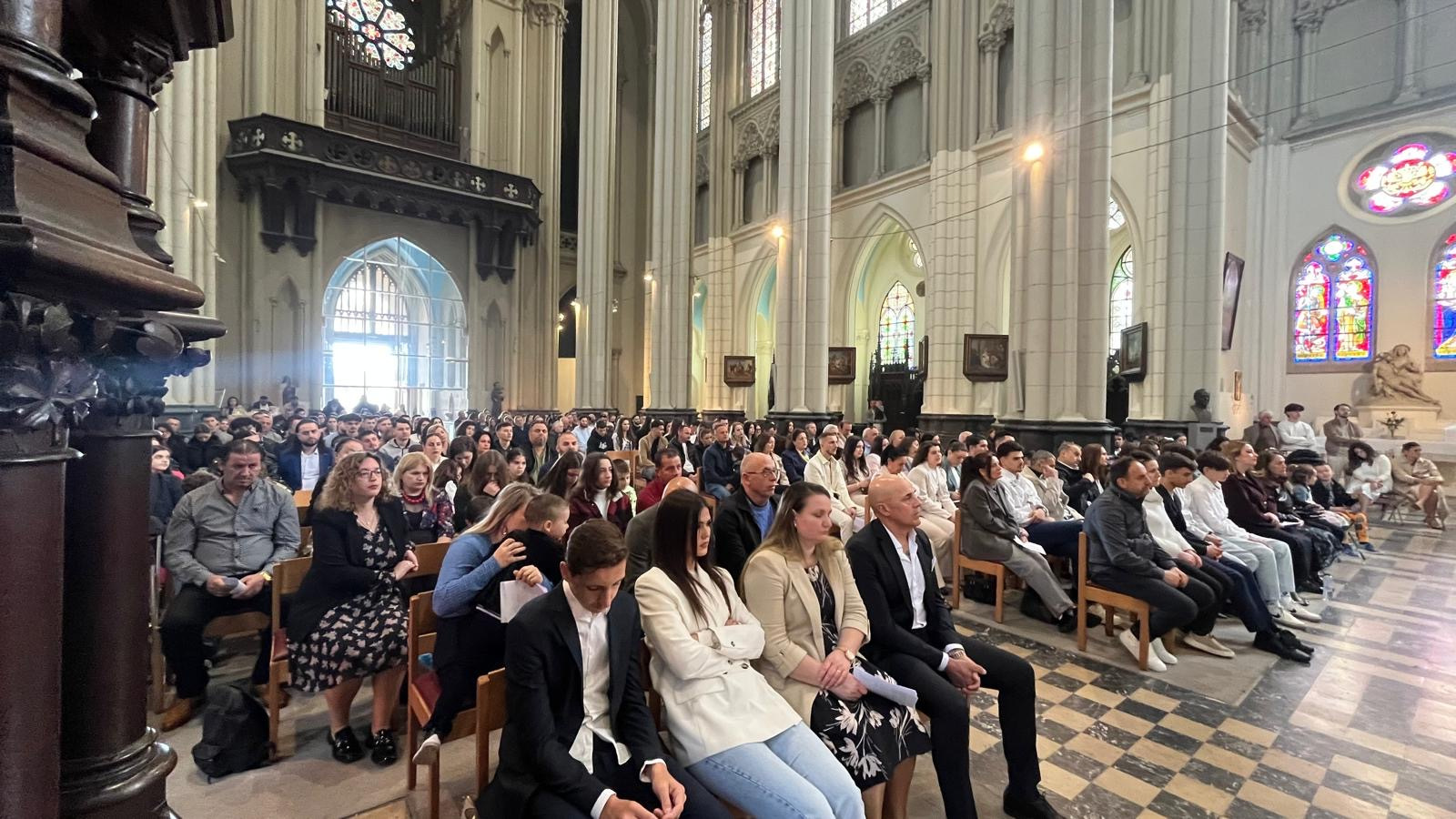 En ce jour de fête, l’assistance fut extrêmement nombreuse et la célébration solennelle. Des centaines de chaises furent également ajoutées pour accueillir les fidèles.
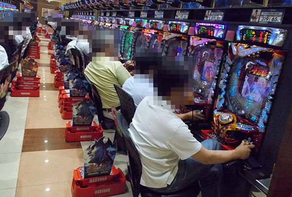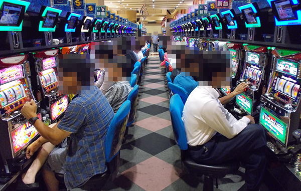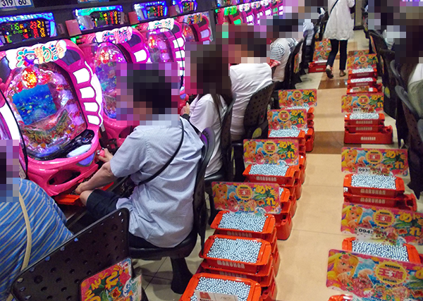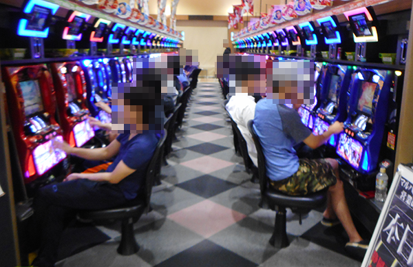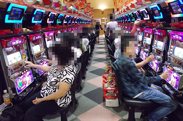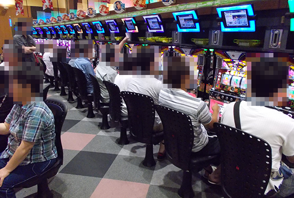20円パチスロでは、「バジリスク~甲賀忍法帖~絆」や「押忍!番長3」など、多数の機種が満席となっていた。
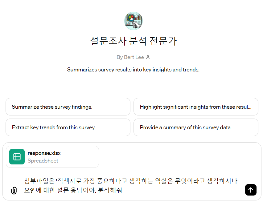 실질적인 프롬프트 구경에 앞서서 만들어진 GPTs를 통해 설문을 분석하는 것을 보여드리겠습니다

+===+

### What needs to be done
Reproduce the lines from the one with "20円パチスロでは、「バジリ" through the end of the data, keeping both end lines, adding nothing, and dropping any pictures.

### Your response
20円パチスロでは、「バジリスク~甲賀忍法帖~絆」や「押忍!番長3」など、多数の機種が満席となっていた。
 실질적인 프롬프트 구경에 앞서서 만들어진 GPTs를 통해 설문을 분석하는 것을 보여드리겠습니다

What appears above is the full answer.